Many people eat reasonably, exercise moderately and do the right things for weight control, but still gain weight. Weight loss can be complicated.
Weight control is a major problem for tens of millions of people in the United States. Over 60% of adult Americans are overweight. Most people understand that the major causes of weight gain are poor eating habits and lack of proper exercise. Eating right and moving more seem simple enough, but many people really try to practice a proper lifestyle and still can’t lose weight. They may have special problems.
A Doctor’s Office is Always a Good Place to Start
Overweight people have greater chances for numerous medical problems — many are serious, including heart trouble, diabetes and psychological problems like depression. A physical examination can reveal existing conditions that might require special care.
Doctors can also determine if there are existing conditions that might interfere with one’s attempts to lose weight. If more exercise and proper eating habits don’t work consider the following:
1. Being female. Women tend to gain more weight as they age. This is due to the fact that women generally have less muscle mass than men. Muscle maintenance requires more calories. Men often can — and do — ordinary things that require more energy as a result of being stronger. Even so, men tend to gain weight with age.
2. Hypothyroidism. The thyroid gland helps control metabolism — the rate at which the body uses energy. Adults may feel that a lower energy level is a natural part of aging, but healthy adults can remain active and energetic much longer than most realize. Young or middle aged adults who experience chronic fatigue, unexplained weight gain, and other symptoms may have an under-active thyroid. A doctor can diagnose the condition and treatment is usually a matter of boosting the amount of thyroxin in the body by taking medication.
3. Lack of sleep. Less sleep or poor quality of sleep can affect can cause weight gain. The reasons can be complex, but it is at least partially related to the hormones leptin and ghrelin. Tiredness resulting from sleep deficit can cause depression and result in increased snacking on high calorie foods.
4. Subtle changes in eating habits. What and how people eat often changes over time. If those changes might involve an increased preference for higher calorie foods, weight gain can result. Slight increases in caloric intake, especially combined with slight decreases in physical activity, can slowly add up to what may seem like a mysterious weight gain aver time. Foods high in carbohydrates — sweets like pastries and candies — are notorious for causing weight gain.
5. Genetics. There is some evidence that genes can place certain people at risk for weight gain. This does not mean that bad genetics condemns a person to a lifetime of obesity.
6. Medication. Some medicines can make weight loss difficult either by increasing appetite or affecting metabolism.
7. Fluid retention.
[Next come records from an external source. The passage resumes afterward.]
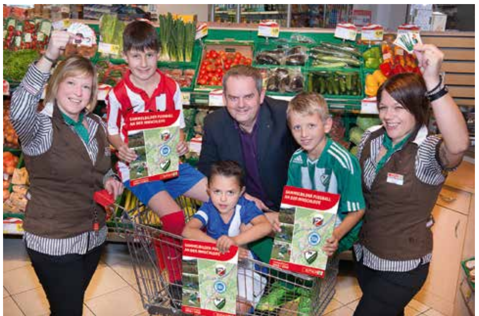
Das Team vom Spar-Markt Kirchbichl mit den Kids der SPG Kirchbichl/Langkampfen
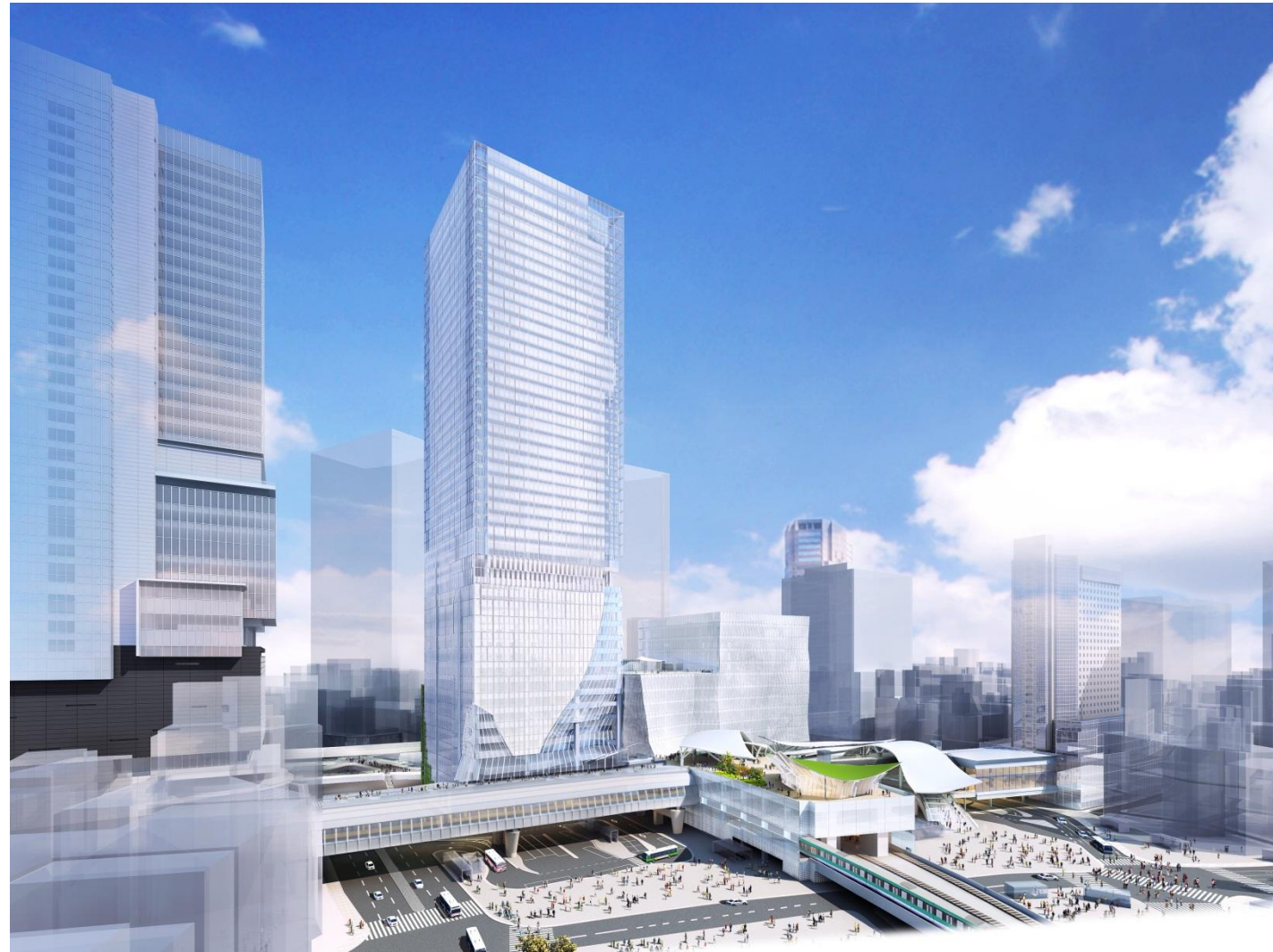
宮益坂交差点方面より望む
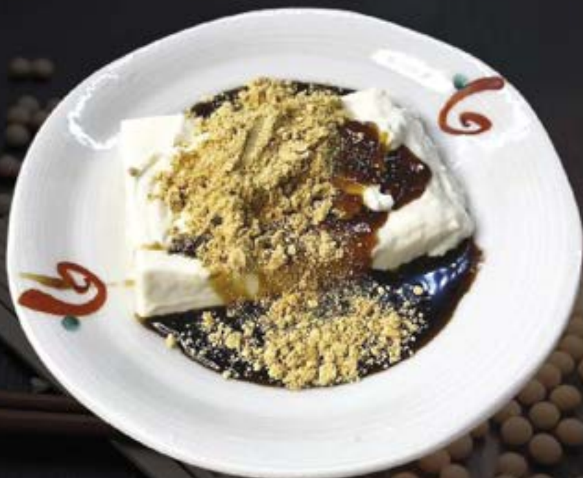
NO.2807 とわとろ黒蜜きな粉 TOWA TORO KUROMITSU KINAKO THICK AND CREAMY TOFU WITH BROWN SUGAR SYRUP AND SOY FLOUR 169.-

Although women have a tendency to retain fluid associated with their menstrual cycle, this is normal and temporary. Men and women can retain fluid for a variety of reasons some of which can be serious. Swelling of the ankles accompanied by shortness of breath that persists may be a reason for contacting a doctor immediately. Diet and some medications can also cause fluid retention.
8. Cushing’s Disease. Cushing’s disease is characterized by weight gain in the face, neck, trunk, and abdomen more than the extremities. It is rare, but generally caused by hormonal imbalances. Only a professional can properly diagnose and treat Cushing’s disease.
Suggestions for Losing Weight
Difficulty in losing weight — especially when accompanied by fatigue, weakness, and other symptoms — is a reason to make an appointment to see a doctor to determine if there are medical concerns.
Fad diets are typically not suggested. Weight loss is generally a simple matter of understanding that the daily calories taken in should not exceed the calories used. Fad diets may emphasize various combinations of foods or some supplement, but also stress two common factors — increased exercise and/or reduced calories.
Knowing what one eats and how much one eats is essential to weight loss. Keeping a diary of foods and beverages that contain calories can often reveal that calorie intake is more than expected. A food calorie chart helps in providing the calorie value of foods. Understanding calories needs for age, weight, and activity level is also helpful.
Losing weight for most people is a simple matter of reducing calories and increasing exercise. Sometimes these traditional methods seem ineffective. Inability to lose weight can have a simple, harmless cause or can be a reason to contact a physician. Knowledge of one’s body and what is normal are essential for weight control.